Question

integrate...

Answer 1

\[\int\limits_{0}^{t} \frac{ Vm }{ M-mt } dt\]

Answer 2

take V,m, and M as constants..

Answer 3

It might be a little easier to read if pull the constants (in the numerator) outside of the integral, and then apply a `U substitution`.\[\large \int\limits\limits_{0}^{t} \frac{Vm}{M-mt} dt \qquad \rightarrow \qquad Vm\int\limits\limits_{0}^{t} \frac{1}{M-mt}dt\]

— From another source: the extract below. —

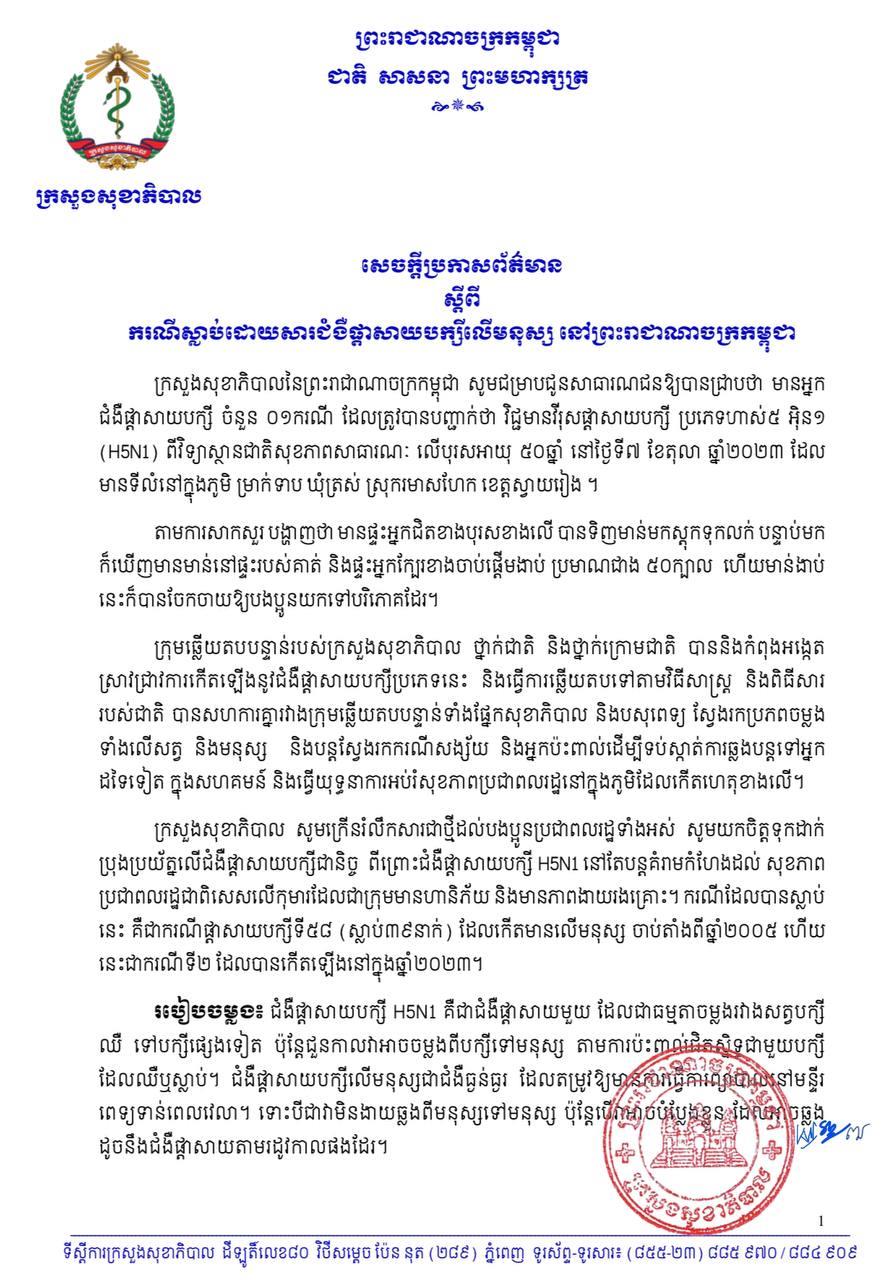 ក្រសួងសុខាភិបាល ប្រកាសព័ត៌មានស្តីពីករណីបាត់បង់ជីវិត ដោយសារជំងឺផ្តាសាយបក្សីលើមនុស្ស នៅប្រទេសកម្ពុជា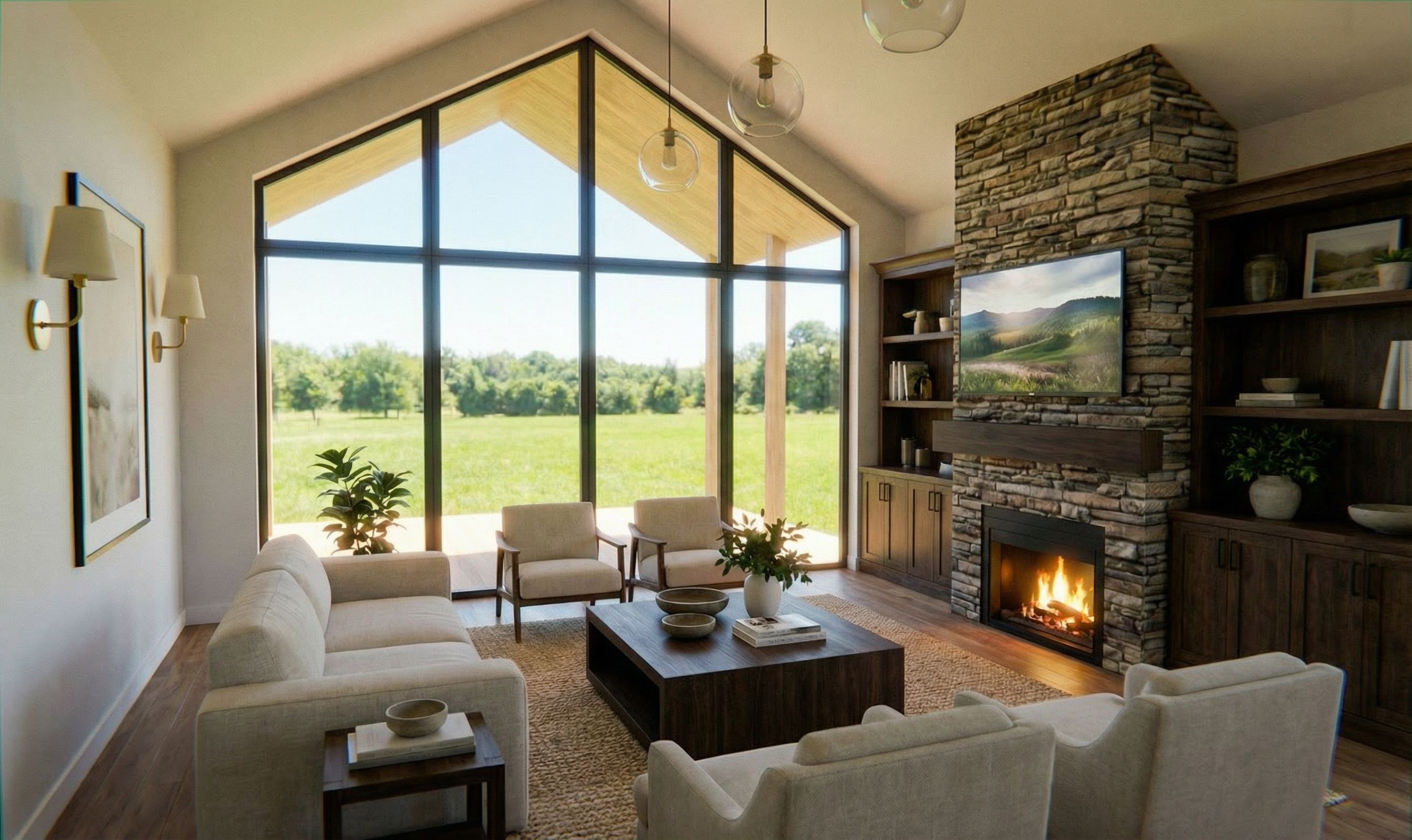 PromptREMOVE THE TWO WINDOWS ON EITHER SIDE OF THE FIREPLACE AND REPLACE WITH MATCHING FURNITURE, SHOW A TV ABOVE THE FIRE, keep exact camera angle

Are you familiar with U substitution? :)

Answer 4

thx, yes, what i get is -V{ln[(M-mt)/M]}...

Answer 5

now if M1=M-mt,
M=Mb+Mf...and you substitue and simplify, i'm suppose to get Vln[1+(Mf/Mb)]

Answer 6

but i don't

Answer 7

I'm so confused, there are too many M's floating around :( lol

Answer 8

sorry i will redo with different letters...

Answer 9

\[\int\limits_{0}^{t} \frac{ ab }{ c-bt } dt\]
all constants except t

Answer 10

d=c-bt
c=e+f

Answer 11

So integrating, before doing any fancy simplification should give you,\[\large ab\left(-\frac{1}{b}\right)\ln|c-bt|_0^t\]

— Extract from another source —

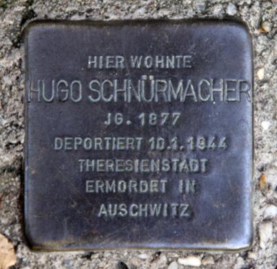 Hugo Schnürmacher came from Vienna, where he was born on 29 August 1877. He moved to Berlin-Mitte, probably around the turn of the century, and in 1912 married Karoline Gerbsch, an “Aryan” from Berlin. They registered the birth of three children, but it is thought they had more children later. In 1940 Hugo and Karoline Schnürmacher divorced. Hugo Schnürmacher and his two elder unmarried daughters moved out of the family home on Veteranen Strasse to a 3-room apartment on the ground floor of the front-facing house at Strelitzer Strasse 3 in Berlin-Mitte, N31. In 1943, Hugo Schnürmacher’s daughters were deported, half a year before his own deportation to Theresienstadt, on the “99th transport of the elderly”, on 10 January 1944. On 15 May 1944 he was taken to Auschwitz where he was probably murdered on arrival.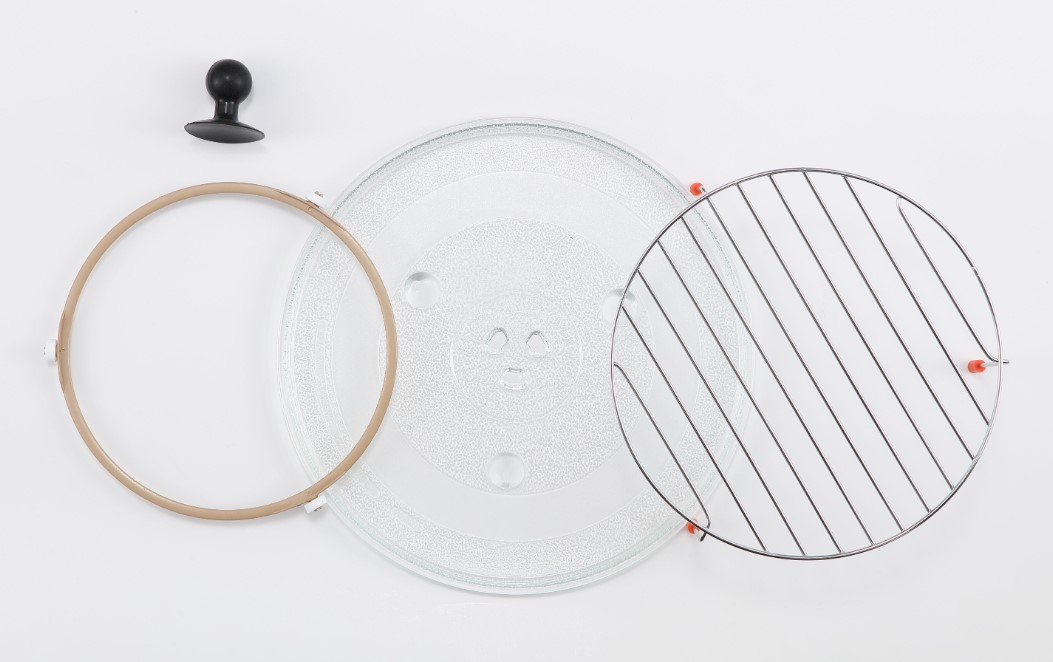 Вращающееся стеклянное блюдо в микроволновой печи позволяет микроволнам равномерно прогревать все блюдо. В большинстве печей магнетрон — источник электромагнитного излучения, — находится в нижней части корпуса или реже сбоку. Микроволны могут проникать в продукты как напрямую, так и отразившись от стенок и потолка камеры. Стеклянное блюдо, иногда называемое также поворотным столом или поддоном, устанавливается на вращающийся механизм с колесиками. Диаметр его зависит от объема камеры и может составить от 20 до 35 см. Размещать на нем можно как одну, так и несколько форм с готовящейся пищей.

Moar letters? :U oh boy lol

Answer 12

ok so integrate over limits and it should be -a[ln(c-bt)-ln(c)]
correct so far?

Answer 13

Yah looks good so far c:

Answer 14

which is -a{ln[(c-bt)/c]}

Answer 15

Yes, you can bring the negative into the log as an exponent. Which will give us this,\[\large a \ln\left[\left(\frac{c-bt}{c}\right)^{-1}\right] \qquad = \qquad a \ln\left[\left(\frac{c}{c-bt}\right)\right]\]

Whichever way makes sense to you though :3

Answer 16

Now what's going on with this d and e and f nonsense? XD lol

Answer 17

ok, so f has to be in there cuz that's what i'm trying to solve. so plugging in the other letters and simplifying, according to the solution, it's suppose to be
a[ln(1+(f/e))] but i can't get it. however, i haven't tried with your second expression up there so i will try it now

Answer 18

ok, i think one of the variables is messed up on the solution. i got it, thx for your help

Answer 19

yay c: